Next, embodiments will be examined more closely with the aid of a detailed description with reference to the appended drawings.
In addition,
Unless otherwise stated, properties that have been experimentally measured or determined herein have been measured or determined at room temperature. Unless otherwise indicated, room temperature is 25° C.
Unless otherwise stated, properties that have been experimentally measured or determined herein have been measured or determined at atmospheric pressure.
It must also be noted that, as used in the specification and the appended claims, the singular forms “a,” “an” and “the” include plural referents unless otherwise specified.
As used herein, the term “average particle size” refers to the number average particle size based on a largest linear dimension of the particles (also referred to as “diameter”) as determined using a technique known to those skilled in the art such as Light Scattering technique.
As used herein, the term “average particle size” refers to the D50 value of the cumulative volume distribution curve at which 50% by volume of the particles have a diameter less than that value.
The present invention concerns a composite material comprising a cellulosic material, a non-polar polymer and colloidal lignin nanoparticles enabling compatibility of said cellulosic material and polymer.
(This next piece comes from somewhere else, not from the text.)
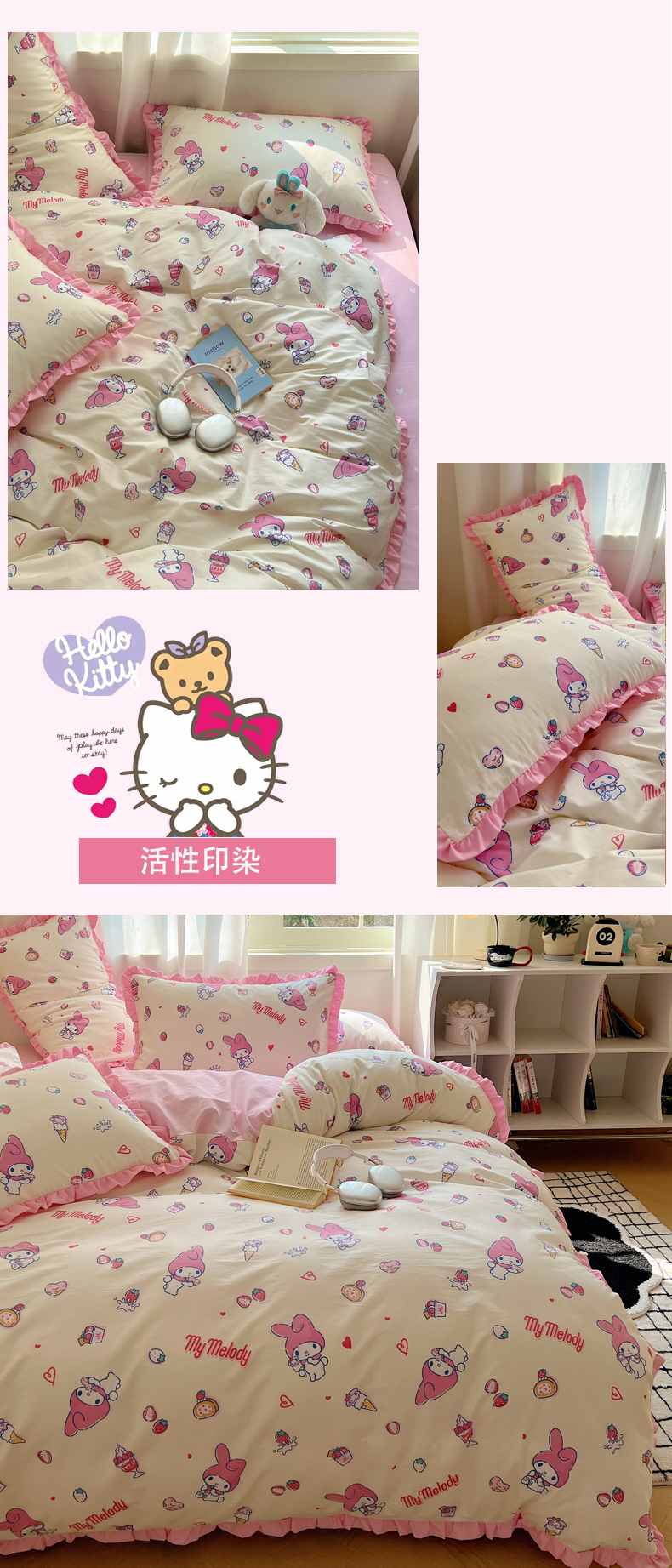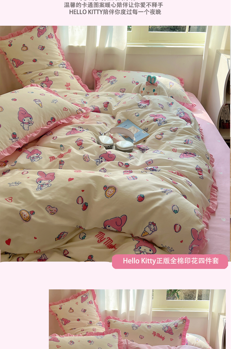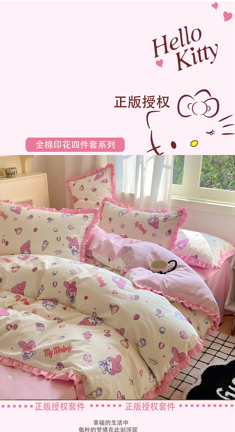 (总)三朵家纺 2024新款全消光三丽鸥印花牛奶绒系列四件套,爱心凯蒂,街舞库洛米,凯蒂公主,乐园KT,漫画帕恰,美好帕恰,美乐蒂格格,淘气帕恰,甜蜜公主KT,童心帕恰,艺术家库洛米,运动帕恰,字母帕恰

Thus, the present invention also concerns use of colloidal lignin nanoparticles as a compatibilizer in a composite material comprising a cellulosic material and at least essentially, preferably fully, non-polar polymer.
According to a preferred embodiment, the composite materials is fully biobased and biodegradable. In one embodiment, the composite material is at least 60, 65, 70, 75, 80, 85, 90, 95 or 99 wt. % biobased, preferably 100 wt. % biobased, calculated from the total weight of the composite material.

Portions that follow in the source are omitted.